One of the best ways you can create and maintain soil integrity is, of course, to not till the soil. Tilling caused the infamous Dust Bowl. Tilling was one of the major causes of the hard, compacted clay I started with on the tea farm. Practicing No-Till is important for several reasons.
Benefits of No-Till
Water and Air are needed for plant survival. Tilling destroys air pockets and promotes runoff.
Microbial habitat is destroyed with tilling.
The Mycelium Network, the underground communication and defense network of fungal mycelium and biochemistry, is destroyed.

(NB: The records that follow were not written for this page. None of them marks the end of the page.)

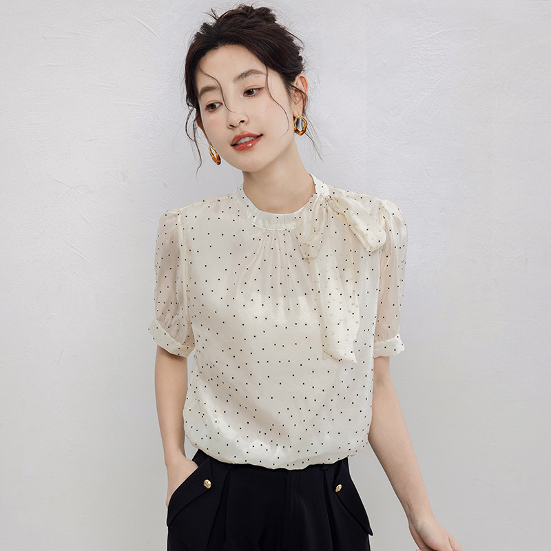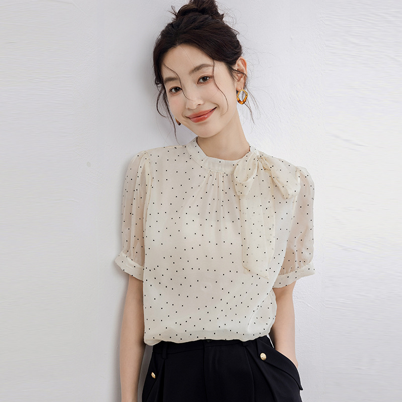 | nameOriginal | Real shot 2024 summer new small fresh sweet lady half high collar short sleeve wave dot chiffon top |
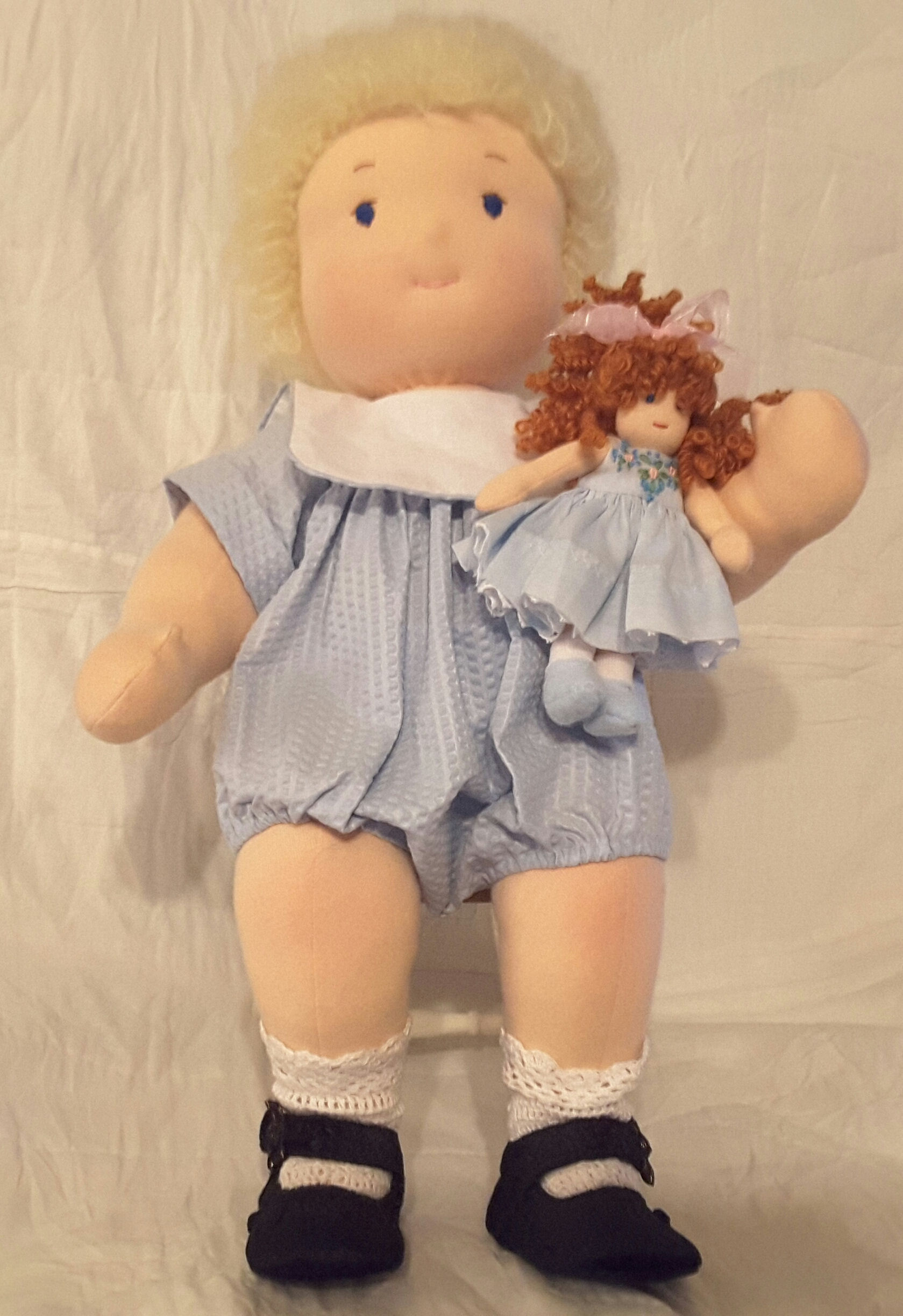 This baby is based on the Waldorf doll pattern called "Floppy Baby" by Lali Doll Nursery, she is a weighted 12" doll with incredible cuddle power.
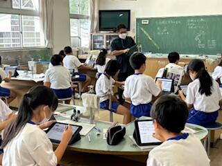 5年生の理科の授業では、「台風と天気の変化」の学習です。「台風はどのように動くのかな?」タブレットを使って、現在発生中の台風10号の発生した日時や動き、勢力などを調べます。
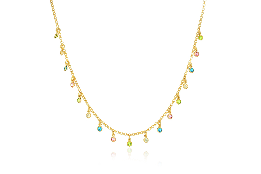 GARGANTILHA BANHADA EM OURO, ELO PORTUGUÊS 1,80mm ESPESSURA, 45cm COMPRIMENTO, PEROLAS E CRISTAIS
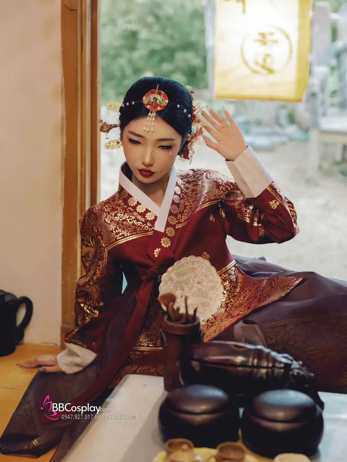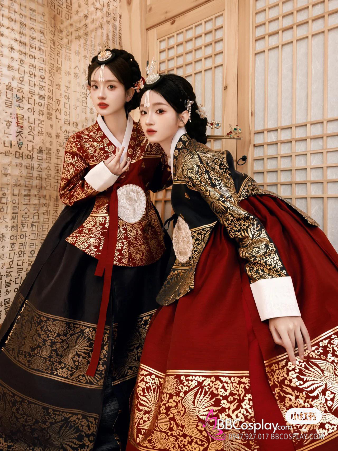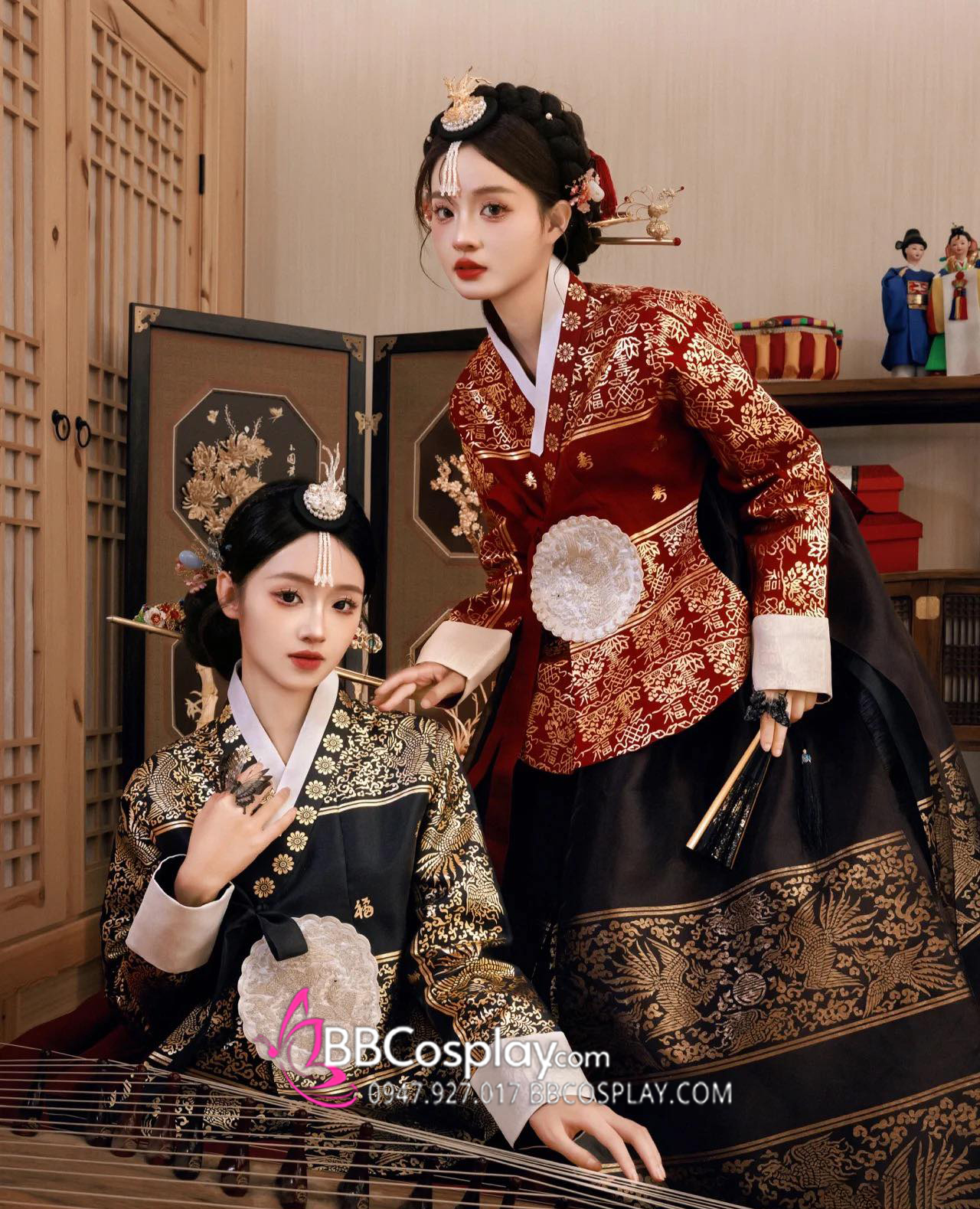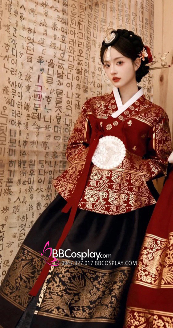 Hanbok Hoàng Cung Hàn Quốc - Áo Đỏ Váy Đen

Worms, able to drill down up to 7 meters deep, carrying soil biology and fertility with them, are killed with tilling.
Microbes are a sink for Carbon & Nitrogen. Tilling releases carbon and nitrogen into the atmosphere.
Microbes are 80% water and, thereby, a reservoir for water in the soil.
A plant that is 100cm high, grown in untilled earth, will have a 100cm root system. The same 100cm plant grown in tilled soil will have a root system that is only about 20cm deep. ~Master Cho Han-Kyu
TURN SOIL INTO CARBON & NITROGEN & WATER SINKS
The exoskeletons of soil organisms are a sink for Nitrogen and Carbon. The more microbes in the soil, the greater the carbon sequestration. Untilled soil means that Carbon & Nitrogen are kept in the soil rather than released into the atmosphere, where they can affect global climates.
Soil Microbes have been shown to hold 11kg per 0.1 hectare* of Nitrogen N and 70kg of carbon C every year. The amount of carbon lost to the atmosphere by tilling is significant, on the order of 70kg per quarter acre. (*0.1 hectare = 1000m2 = 1/4 acre)
Additionally, microbes are 80% water. Destroying soil microbiology means the loss of a great amount of water held in the soil. A lot of the improvements in water retention made by organic gardening, permaculture, and regenerative techniques work because they keep the water in the soil by holding water directly in the bodies of microbes. Increasing the microbial levels in your soil will increase the water stored in your soil.
SOIL INTEGRITY
Soil structure and integrity do not come in a package. It cannot be purchased at any price. It can only be built by Nature, by soil communities.
Tilling destroys the benefits of good soil structure and integrity. It creates soil erosion. It destroys air pockets and creates soil erosion. It destroys the mycelial networks used for communication & defense. It releases the carbon, nitrogen, & water that was locked in the soil into the atmosphere, and it kills the soil organisms that turn dirt into soil.
Fertilizers lead to imbalances in plant nutrition and, more importantly, create imbalances, even death, of soil microbes, which are vital to soil health. Even fields properly managed using the best science available are slowly destroyed by the “proper use” of fertilizers.
Soil Diseases are caused by improper soil tilth, leading to imbalances in water and air, and due to the lack of proper soil biology. Good soil means proper soil tilth and abundant soil biology and ecology. Good soil means far fewer soil diseases and far fewer pests. Good soil needs less money and labor to maintain and is, therefore, of great economic benefit.
HOW NATURAL FARMING AND KNF CREATE AND IMPROVE SOIL INTEGRITY
The practices of Natural Farming create and maintain conditions that preserve and improve soil integrity, just like Nature does in the wild.
Korean Natural Farming (KNF) is largely based on using Indigenous Micro-Organism (IMO) Technology. IMO was developed to improve soil at an accelerated rate without harming any natural functions. IMO is a medicine that will restore any soil, including building soil from rocks and rocky soil. This technology is the key component of the Soil Foundation.